Should You Really Be Afraid of Oxalates?
Oxalates are one of the newest villains in the nutrition world.
I know because I used to be afraid of them too.
Several years ago, I avoided potatoes because I had heard they contained oxalates. Not because I had any symptoms or issues with potatoes. But because I was told oxalates were bad.
Potatoes contain oxalates. Therefore potatoes = bad.
And while it’s true that certain modern health trends have pushed oxalate intake much higher than what most people would historically consume (think raw spinach smoothies, almond milk and almond flour everything, green juices, and giant raw spinach salads), I’ve also watched (and felt) the pendulum swing too far in the opposite direction.
Now, I see people afraid of almost any food that contains oxalates.
Potatoes, sweet potatoes, tea, berries, chocolate, leafy green vegetables, and other foods commonly labeled as "high oxalate foods".
Foods that many people can enjoy without any issues at all.

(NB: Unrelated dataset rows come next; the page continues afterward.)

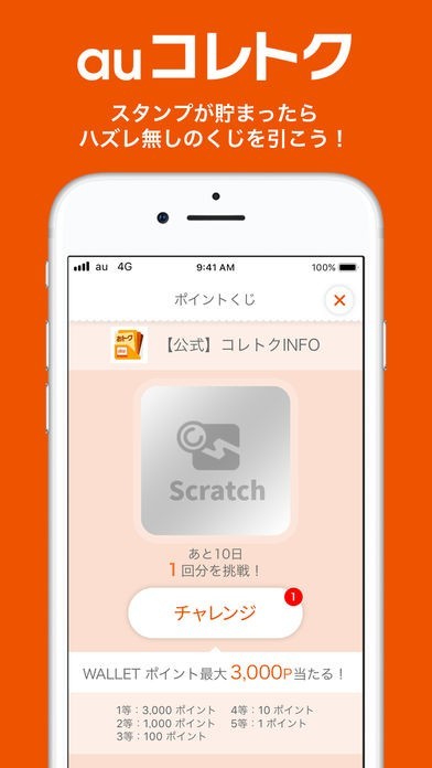 このアプリを使えばauウォレット対象店舗のお得な情報が手に入るだけでなくauウォレットの利用でスタンプが貯まって貯まったポイントを使ってはずれなしのくじを引けるという良さがあります。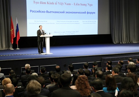 | Dans le cadre de sa visite en Russie, le président Trân Dai Quang (debout) a participé le 30 juin à Moscou à un forum économique Vietnam - Russie. |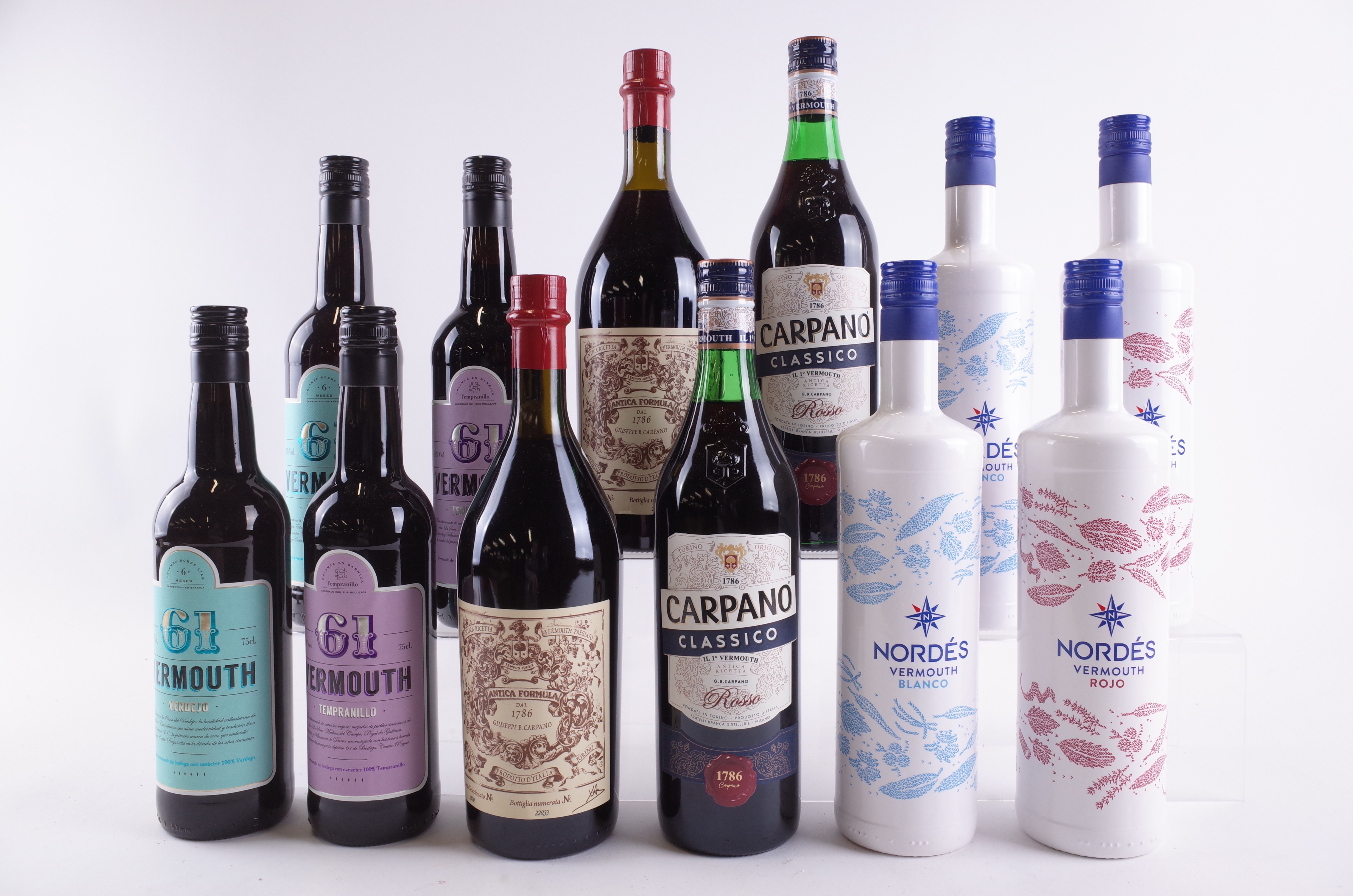 Bodega Cuatro Rayas 2 x 61 Verdejo Vermouth Dry NV and 2 x 61 Vermouth Tempranillo Dry NV; Fratelli Branca Distillerie 2 x Carpano Antica Formula and 2 x Carpano Rosso; Grupo Osborne 2 x Nordés Vermouth Sweet NV (W) and 2 x Nordés Vermouth Sweet NV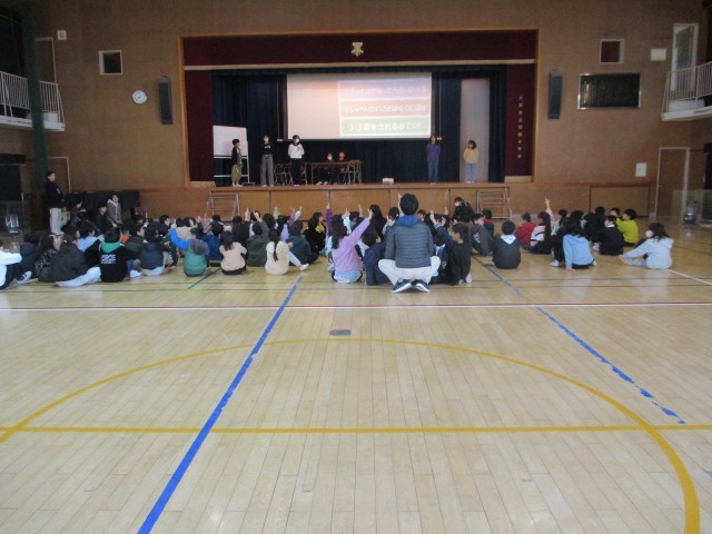 12月18日(木)の児童集会は、計画委員会の発表でした。「休み時間はチャイムの3分前に教室に戻る」「休み時間中に次の時間の学習準備をする」「授業開始のチャイムがなったら切り替える」といった学習の約束を劇仕立て・クイズ仕立てで『みんなはできていますか?』と問いかける発表でした。計画委員会のみなさん、ありがとうございました!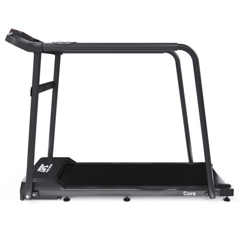 Электрическая беговая дорожка DFC Cora — идеальный выбор для домашнего использования, обеспечивающий комфортные условия для тренировок в спортивных и реабилитационных целях. Модель отличается присутствием в комплектации специальных удлинённых поручней для реабилитационных занятий. С максимальным весом пользователя до 115 кг и мощным двигателем с пиковым значением 1,5 л/с, эта модель подходит как для начинающих, так и для опытных спортсменов. Скоростной диапазон от 0,8 до 8 км/ч позволяет легко адаптировать тренировки под ваши индивидуальные потребности. Беговое полотно размером 100 х 39 см обеспечивает достаточное пространство для комфортного бега или ходьбы. Система амортизации с 6 резиновыми амортизаторами снижает нагрузку на суставы, что делает тренировки более безопасными и приятными. Беговая дорожка оснащена монохромным LCD-дисплеем, который отображает ключевые параметры: скорость, дистанцию, время, калории и пульс. Измерение пульса осуществляется с помощью сенсорных датчиков на поручнях. Для разнообразия тренировок предусмотрено 12 предустановленных программ, а также одна пользовательская программа, что позволяет вам настроить занятия под свои цели. Дополнительные удобства включают транспортировочные ролики для легкого перемещения и подставку под планшет, чтобы вы могли наслаждаться любимыми фильмами или музыкой во время тренировки, а карманы для мелочей помогут вам удобно разместить необходимые аксессуары.

To be clear, I am not dismissing people who genuinely feel better with lower oxalate intake. Individual responses certainly matter. Oxalate intolerance is real. Kidney stones are real. But context matters.
I also don’t think most people need to live in fear of every food containing oxalates. Because oxalate exposure is far more complicated than looking up a food on a list.
Let’s talk about why.
What Are Oxalates and Why Are People Concerned About Them?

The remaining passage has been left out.